According to research released by Free TV, the industry association for free-to-air TV Australia, in late July, the metropolitan television advertising market shrank more than 15 percent compared with the previous six months in the first half of 2008. The Free TV research highlighted a 1.4 percent fall in Sydney and Crikey reported that radio was also feeling the squeeze in the harbour city:

Radio Network revealed last Friday that radio ad revenues in the Sydney
metro market had fallen 1.17% in the year to June in downgrading
earnings by 15% to 20%.

All this came off the back of the announcement in June by Channel Ten that a sharp pullback in demand would cut its television earnings by 10 percent this year.

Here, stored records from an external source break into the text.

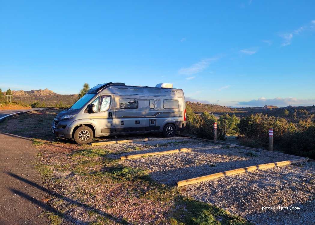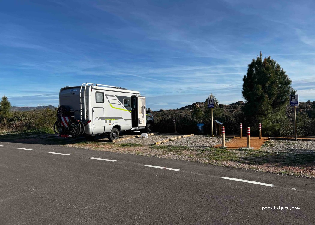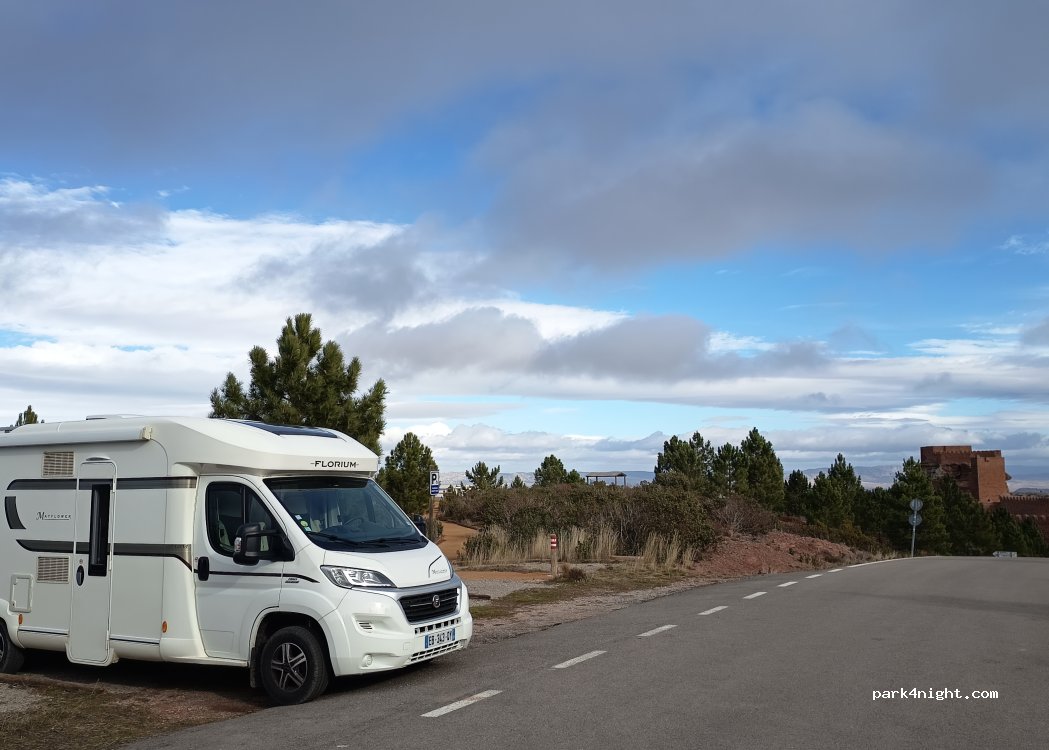 Parking del mirador del castillo de Peracense. Plazas niveladas al lado de la carretera recién asfaltada. Carretera sin tráfico así que la noche fue fantástica. Sin servicios. Lo mejor, las vistas y en noche despejada, el cielo estrellado espectacular porque no hay luces que impidan verlo. Cuidado que por la zona y la altura a la que se encuentra, la noche puede ser fría.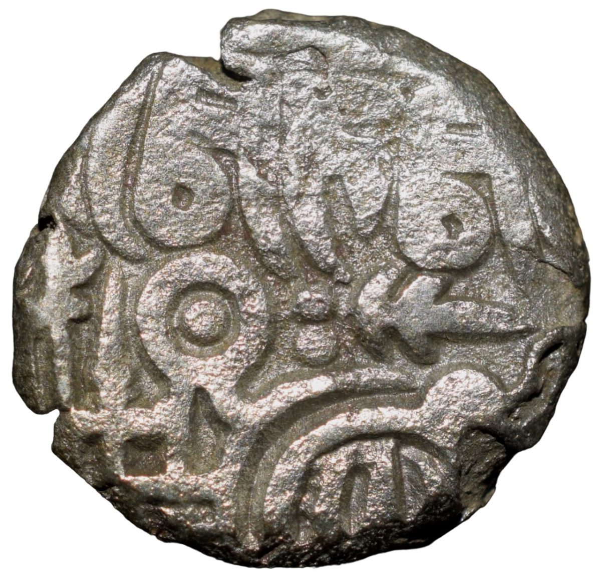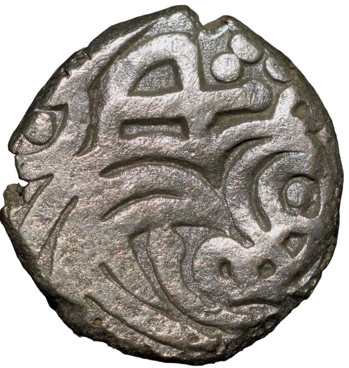 Delhi Sultanate, Muhammad bin Sam (AH 589-602/1193-1206 AD), Billion Jital, Obv: Stylised bull facing left, ‘Sri mahamada sama in Nagari above, Rev: Stylised Horseman, 3.17gms, 12.89mm, (G&G D7), Very Fine, Scarce.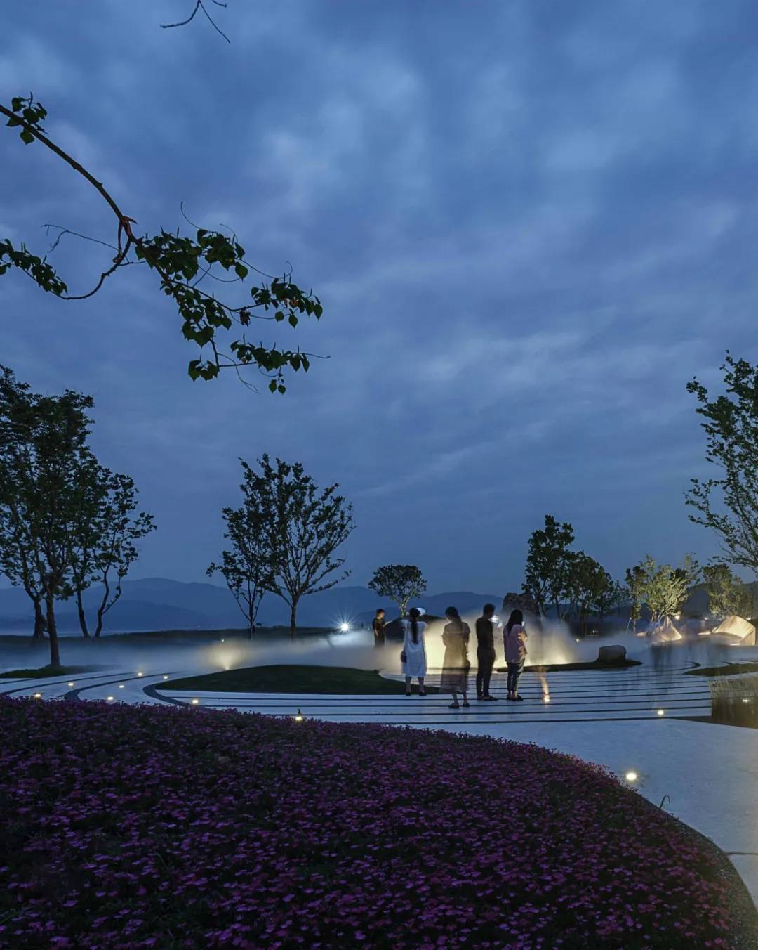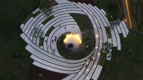 連綿的坡地與延綿山脈呼應(yīng),當(dāng)?shù)靥赜械淖鲜V說著場(chǎng)所的記憶。旋渦狀的白石青沙如一道道星軌,記錄我們來時(shí)的足跡。承載著獨(dú)特的場(chǎng)所記憶,詩(shī)意地存在于此時(shí)此地。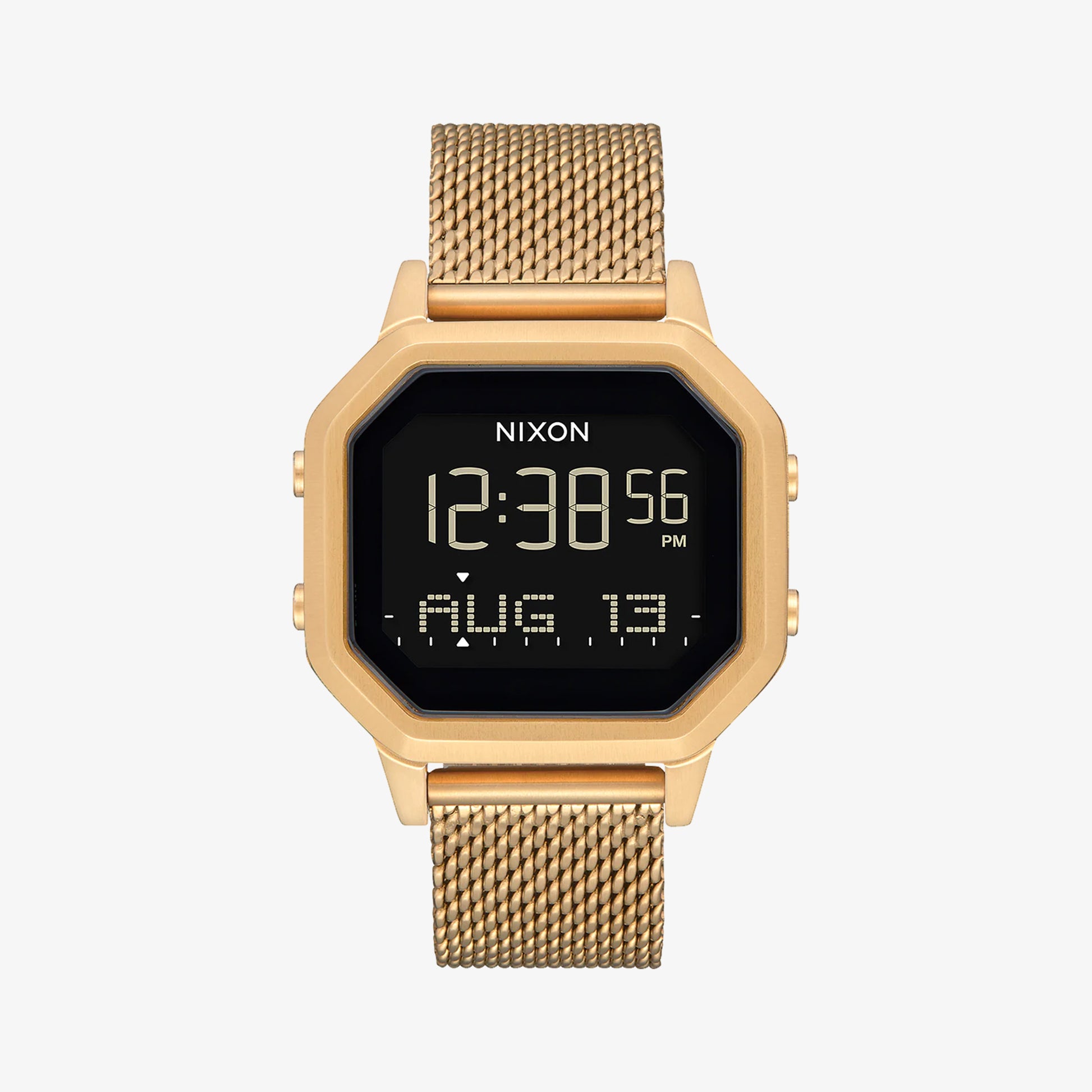 Die Nixon Siren Milanese – All Gold verbindet sportliche Funktionalität mit einem edlen, monochromen Gold-Look. Inspiriert vom Surf- und Beach-Lifestyle ist die Siren eine digitale Damenuhr, die sich sowohl im Alltag als auch im Wasser bewährt. Das feine Milanese-Edelstahlarmband sorgt für einen eleganten, modernen Look und passt sich angenehm dem Handgelenk an. Dank digitalem Display mit Zeit-, Datums-, Alarm- und Timerfunktion bietet die Siren praktische Features für einen aktiven Lifestyle. Das wasserfeste Gehäuse macht sie zum zuverlässigen Begleiter am Strand, beim Sport oder in der City.

Of course, the media buyers were quick to downplay the revenue wranglings from Nick Falloon and Channel Ten – makes sense really doesnt it – and Harold Mitchell led the charge, saying We havent seen any signs of external pressures as indicated by Channel Ten, and the market is still growing.

But industry analysts since have not been quite as bullish as Mitchell, with some even predicting the figures released by Free TV in July.

Andrew Anagnostellis of Deutsche Bank forecast that metropolitan TV advertising spending would rise 1.2 percent this year, compared with 7.6 percent last year, and Free TVs figures dont even suggest that level of growth in 2008.

So what does the future look like for TV?

Lets not kid ourselves – the TVC still has a powerful hold over a mass audience, and there is still great TV creative coming out of Australia. My question though, is how much longer can we continue to sell the idea of a mass audience to advertisers, when the conversation has shifted far more towards the benefits of accessing a highly-targeted audience?

Weve been talking about media fragmentation for years, but its worth pointing out that with TiVo entering Australia, the launch of dedicated 24-hour HD channels through Foxtel, and the introduction of the iPhone into Australia, the very idea of a mass audience being targeted has become quite laughable anyway.

Ive all but given up watching television anyway. Aside from the occasional doco, I am now watching almost nothing but TED talks. The ideas discussed in those are really worth switching on for.